- **WHAT IS EXPECTED**:
Number of lines with the string "vintage" in the entries below: report it, and nothing besides.

Collection entries
──────────

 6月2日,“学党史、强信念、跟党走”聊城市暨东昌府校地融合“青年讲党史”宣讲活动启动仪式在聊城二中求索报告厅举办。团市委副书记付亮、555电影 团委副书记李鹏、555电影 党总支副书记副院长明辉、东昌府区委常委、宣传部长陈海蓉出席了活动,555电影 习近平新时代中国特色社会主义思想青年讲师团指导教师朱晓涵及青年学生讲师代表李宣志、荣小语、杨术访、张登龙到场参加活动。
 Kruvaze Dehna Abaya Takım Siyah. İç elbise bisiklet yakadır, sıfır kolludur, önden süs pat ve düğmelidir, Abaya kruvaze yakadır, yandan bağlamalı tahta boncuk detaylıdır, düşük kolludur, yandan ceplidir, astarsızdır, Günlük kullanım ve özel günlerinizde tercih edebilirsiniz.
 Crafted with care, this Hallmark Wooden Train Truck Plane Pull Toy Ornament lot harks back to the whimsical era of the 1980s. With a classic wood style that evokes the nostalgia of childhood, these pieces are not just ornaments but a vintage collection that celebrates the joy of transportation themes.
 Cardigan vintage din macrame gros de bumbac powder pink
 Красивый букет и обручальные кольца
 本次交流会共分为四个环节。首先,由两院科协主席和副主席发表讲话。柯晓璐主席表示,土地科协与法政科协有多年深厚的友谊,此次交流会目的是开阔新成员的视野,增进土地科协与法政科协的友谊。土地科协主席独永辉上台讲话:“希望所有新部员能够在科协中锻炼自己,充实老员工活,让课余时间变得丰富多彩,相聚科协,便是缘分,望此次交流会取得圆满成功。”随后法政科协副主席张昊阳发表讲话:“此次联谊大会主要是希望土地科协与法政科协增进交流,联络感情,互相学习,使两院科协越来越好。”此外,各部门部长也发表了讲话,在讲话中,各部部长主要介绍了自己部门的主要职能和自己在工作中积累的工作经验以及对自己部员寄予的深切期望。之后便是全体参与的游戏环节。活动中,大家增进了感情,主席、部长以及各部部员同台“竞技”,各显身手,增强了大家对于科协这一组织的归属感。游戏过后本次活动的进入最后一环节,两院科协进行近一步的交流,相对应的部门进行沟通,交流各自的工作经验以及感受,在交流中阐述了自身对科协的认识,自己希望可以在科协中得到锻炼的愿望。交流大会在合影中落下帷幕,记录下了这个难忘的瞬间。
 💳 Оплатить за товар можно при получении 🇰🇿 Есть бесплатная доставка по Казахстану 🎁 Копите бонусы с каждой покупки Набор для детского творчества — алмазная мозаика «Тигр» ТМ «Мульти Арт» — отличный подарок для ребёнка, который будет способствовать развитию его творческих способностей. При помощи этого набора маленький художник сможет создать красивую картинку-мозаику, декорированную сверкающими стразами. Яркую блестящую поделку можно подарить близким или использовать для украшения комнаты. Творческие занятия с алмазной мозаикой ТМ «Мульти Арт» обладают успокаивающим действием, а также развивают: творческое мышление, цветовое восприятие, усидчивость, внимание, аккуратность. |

──────────

- **OUTPUT**:
2